I have an acer aspire X1200-U1520A and I am trying to get wireless on it. I recently bought a Linksys Wireless PCI Adapter to add wireless to my computer, but it won't fit into the PCI slot near the PCI express slot. It is barely too big for the PCI slot. Do I have to use the USB wireless connection or is there another slot or another way to get it to fit?

Read more: http://www.computerhope.com/forum/index.php/topic,83701.0.html#ixzz0FuVBf78z&B


----------



## sandman55 (May 28, 2005)

Have you tried another PCI slot for size? I find sometimes they are hard to plug in and I am frightened of breaking something so I get a pressure pack of electronic cleaner that evaporates and leaves no residue (CO Contact Cleaner made my CRC Australia it says Precision Electronic Cleaning Solvent).
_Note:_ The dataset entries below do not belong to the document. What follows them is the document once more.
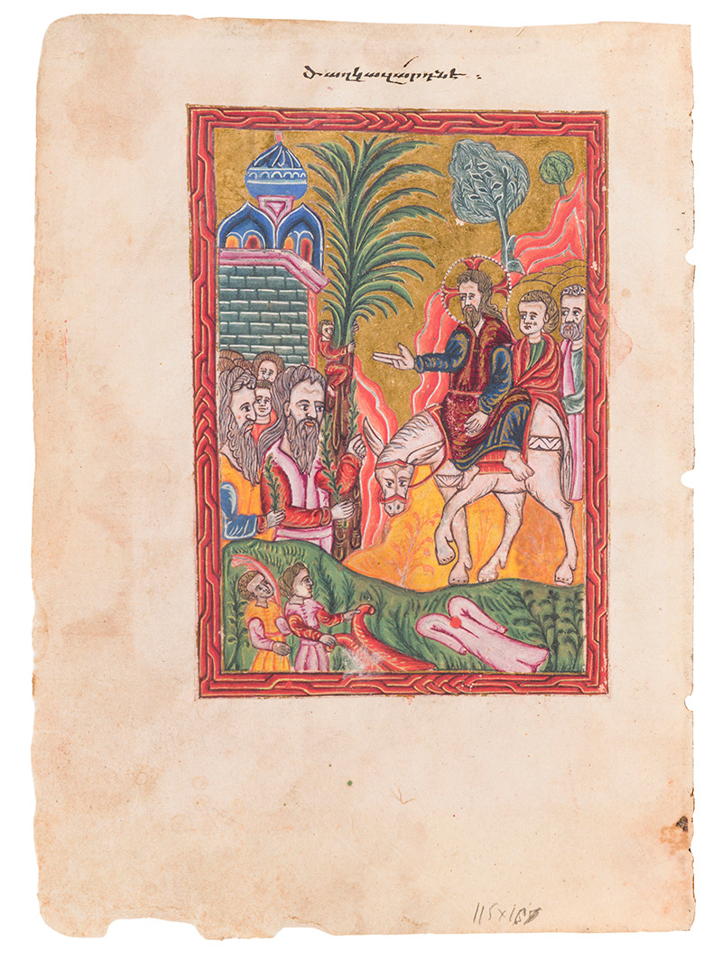 Estimation : 5.000-7.000 €. Feuillet extrait d'un manuscrit des Évangiles (Gospel Book). Entrée de Jésus à Jérusalem. Inscription en arménien (en caractères minuscules "bolorgir") au-dessus de la miniature. Constantinople, fin du XVIe siècle. Attribué au copiste et enlumineur Martiros de Khizan (vers 1546-1607). (125×88 mm) ©Ader
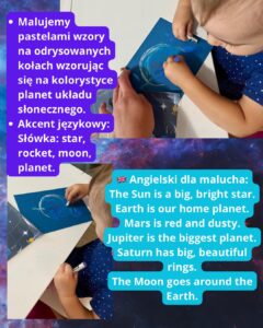 Podczas plastycznych zajęć wprowadziliśmy proste słówka po angielsku o kosmosie. Nauka w ruchu i w kontekście jest najskuteczniejsza!
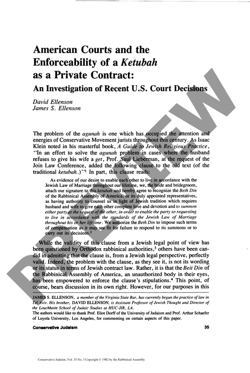American Courts and the Enforceability of a Ketubah as a Private Contract: An Investigation of Recent US Court Decisions
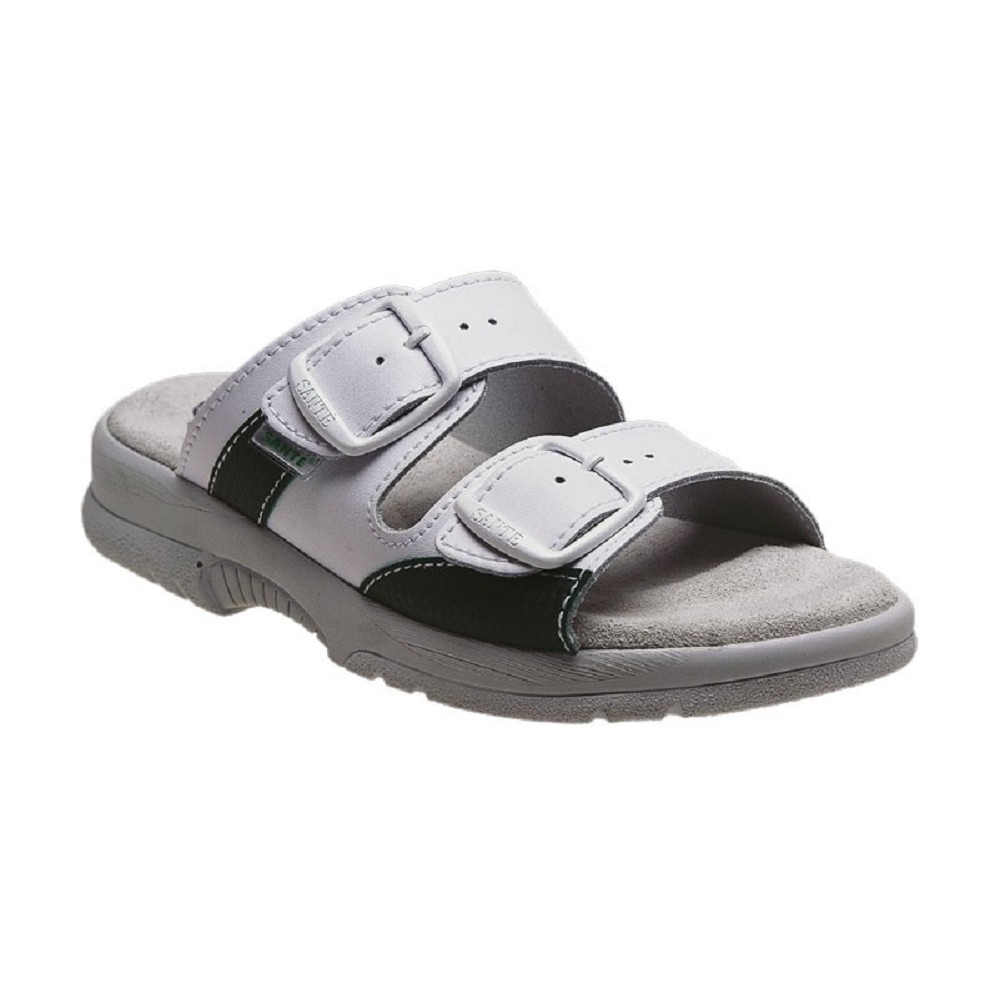 Pantofle dámské SANTÉ Anatomicky tvarovaná stélka podepírá příčnou i podélnou klenbu, čímž zabraňuje vzniku ploché nohy. Pantofle značky SANTÉ jsou velmi pohodlné a dodávají noze potřebný komfort i při dlouhodobém nošení. Jsou určeny jako pracovní, domácí či vycházková letní obuv. Vrchový materiál useň (kůže), tvarovaná stélka, nastavitelné zapínání na 2 přezky. CERTIFIKOVANÁ OBUV. K výrobě obuvi jsou používány jak české materiály, které splňují vysoké nároky pro výrobu, tak i komponenty ze zemí Evropské Unie. Tím jsou splněny vysoké požadavky na kvalitu obuvi, kterou naši zákazníci požadují a zcela jistě ocení. Velikosti 36, 37, 38, 39, 40, 41 Barva: bílá/zelená,

I spray the contacts and the socket and while it is still wet I insert the card and I find it lubricates the card going in. There may be a similar product in your part of the world just make sure it leaves no residue and not oily. Also I don't know your expertise but don't forget to avoid static charge ground yourself to the case and don't work on carpet.


----------



## johnwill (Sep 26, 2002)

Another issue I've seen is a poor fit of the case/motherboard which doesn't align the card slots with the case correctly.


----------



## bilbus (Aug 29, 2006)

Well, make sure its the correct rev of pci.

What color is the slot? If its white its PCI, ifs another color its something else.

Is this card new? could it be a older card, there are 3.3v and 5v pci .. the notch is reversed between the 2 types.

Since you have a newer pc, you have a 3.3v pci slot.

As said, it could be just a matter of squesing it in .. as in the case is just a little off.


----------